Published: 19 March 2014

Abstract

Background

The widespread forest fires in Indonesia in June 2013 led to widespread haze to neighbouring countries. This is the first study in the medical literature reporting the acute physical and psychological symptoms of the general population during a haze crisis. We evaluated the factors that are associated with psychological stress of haze exposure.

Methods

This study was conducted between June 21 to June 26, 2013. Participants were recruited by an online recruitment post and snowball sampling techniques.
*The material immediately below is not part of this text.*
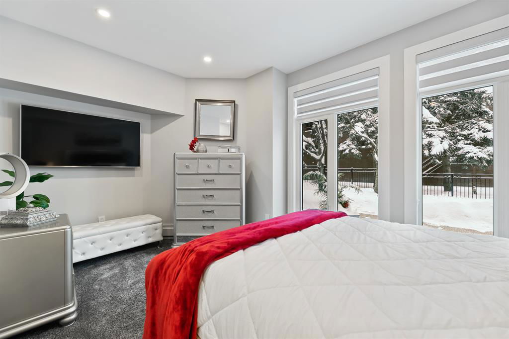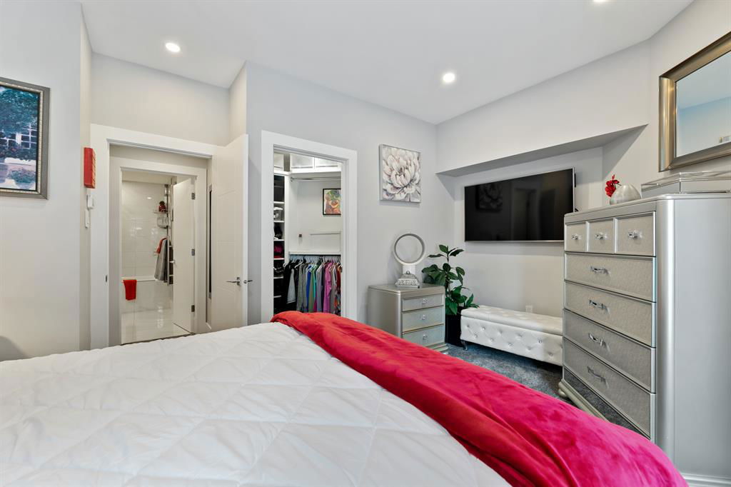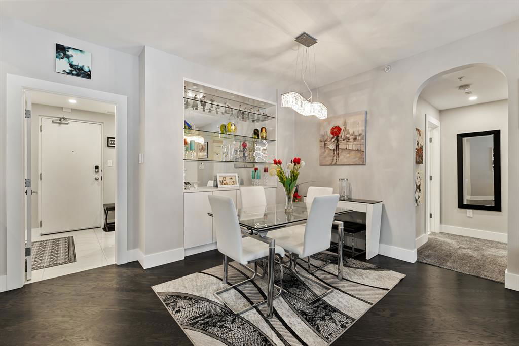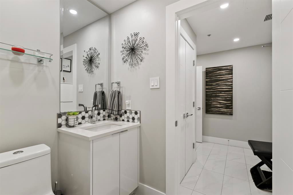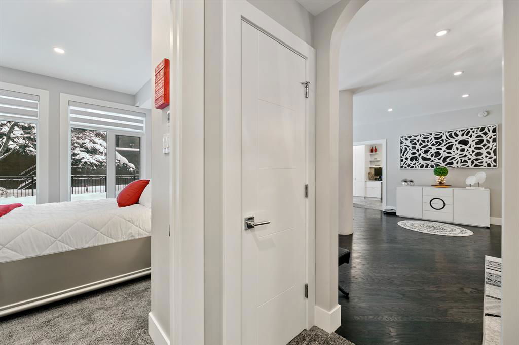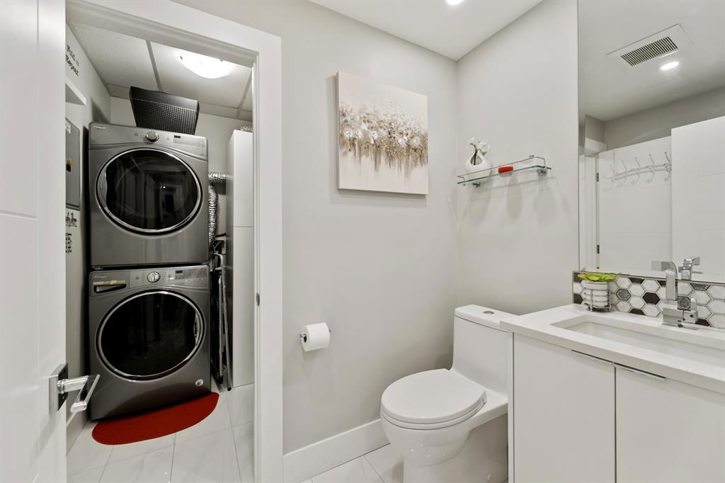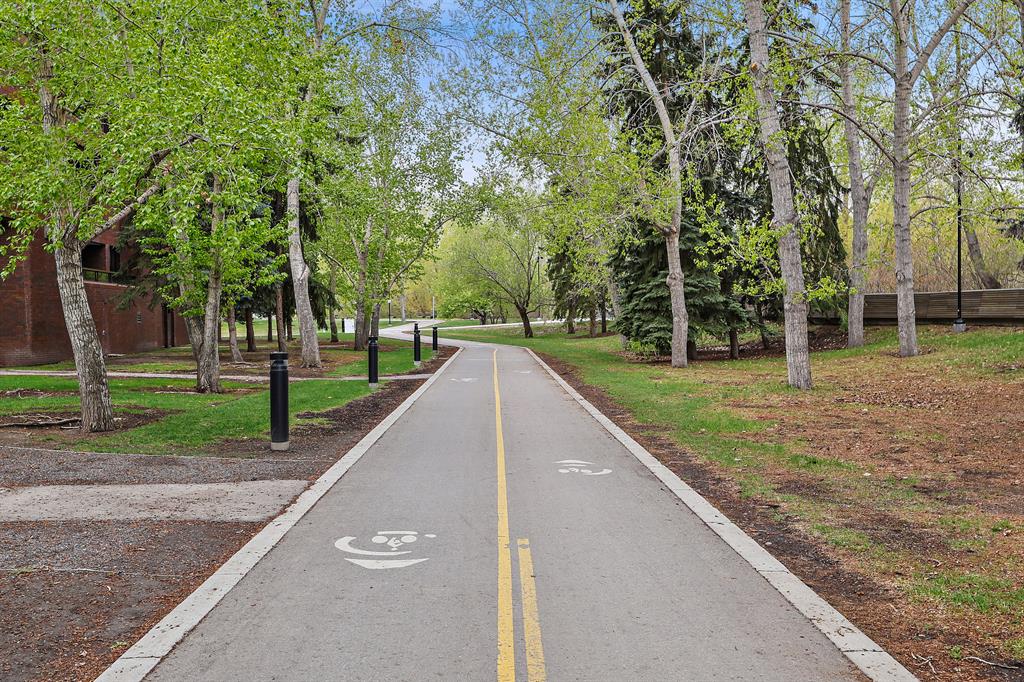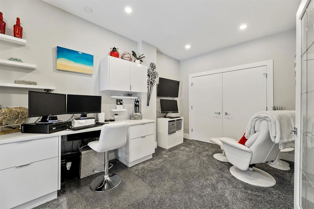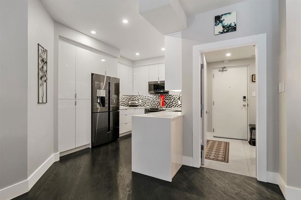 ABSOLUTELY ONE OF THE FINEST INNER CITY CONDO’S THAT CALGARY CAN OFFER! Rare main floor Eau Claire Estates condo with 2 bedrooms / 2 bath home. Truly a modern lifestyle living experience in an secure apartment setting – custom designed and built with extensive renovations, upgrades and superior concrete building quality. Over 1218 + square feet plus an exclusive outdoor fenced living area with a dual patio layout and private entry, in the heart of the city. You’ll be impressed with the inner city walkability to shops, restaurants, schools (private , daycare & public), LRT, pathways, health care needs, and all with expansive views of Prince’s Island Park and city downtown core. The island offers an abundance of year round outdoor “all age activities” such as, arts and music festival events, River Café restaurant, playground, biking, project and rental tool site, walking trails, skating, and minutes to the Zoo and Science Centre. Check out the pictures, and 3D tour video. Rich curb appeal with architectural features, extensive upgrades inside and the details are superb. Grand entry with a beautifully appointed open floor plan with high 9′ ceilings and hardwood floors. Chef’s kitchen includes spectacular white quartzite counter tops, full-height custom white gloss cabinets doors, slide in smooth top electric stove with an overhead microwave hood fan, dark grey stainless steel appliances, under mount black granite sink, wall pantry, custom tiled back splash, and a large dining with a built in wall hutch and more views. You’ll also enjoy the entertaining potential with the open layout showcasing the adjacent living room with a elegant white stone faced gas fireplace. The 16′ x 14′ living room features large bright west facing windows and easy access to outdoor patio living space. South patio – 19′ x 10′ + North patio 14′ x 11′. A stately main floor den / office / bedroom with a glass french doors and a walk-in closet. Offering modern lifestyle flexibility for your home office. Other convenient features include a back foyer with direct access to your titled parking stall, storage locker, In suit laundry room, private half bath, and no need to wait for an elevator with your grocery’s or packages. In suit laundry room. A central hallway separates the primary bedroom and full bath. The main primary bedroom includes more views of the private south patio, a spa like ensuite with dual under mount sinks, over-sized jetted tub with 10 mil glass door, and a expansive walk in closet complete this stunning owners suite. BONUS: under ground visitor parking stalls, very unique and fenced street-side entrance into unit, assigned storage locker – #72, pet friendly, and the home is ready to move into and enjoy this summer. Call your friendly REALTOR(R) to book a viewing!

Participants were required to complete an online survey which was composed of demographics questionnaire, physical symptom checklist, perceived dangerous Pollutant Standard Index (PSI) value and views on the N-95 mask and the Impact of Event Scale-Revised (IES-R).

Results

A total of 298 participants returned the completed study questionnaire. The respondents reported a mean number of 4.03 physical symptoms (S.D. = 2.6). The five most common physical symptoms include mouth or throat discomfort (68.8%), nose discomfort (64.1%), eye discomfort (60.7%), headache (50.3%) and breathing difficulty (40.3%). The total IES-R score was 18.47 (S.D. = 11.69) which indicated that the study population experienced mild psychological stress but not to the extent of acute stress reaction syndrome. The perceived dangerous PSI level and number of physical symptoms were significantly associated with the mean intrusion score, mean hyper-arousal score, total mean IES-R score and total IES-R score (p < 0.05).

Conclusions

Our findings suggest that a haze crisis is associated with acute physical symptoms and mild psychological stress. The number of physical symptoms and the perceived dangerous PSI values are important factors associated with psychological stress.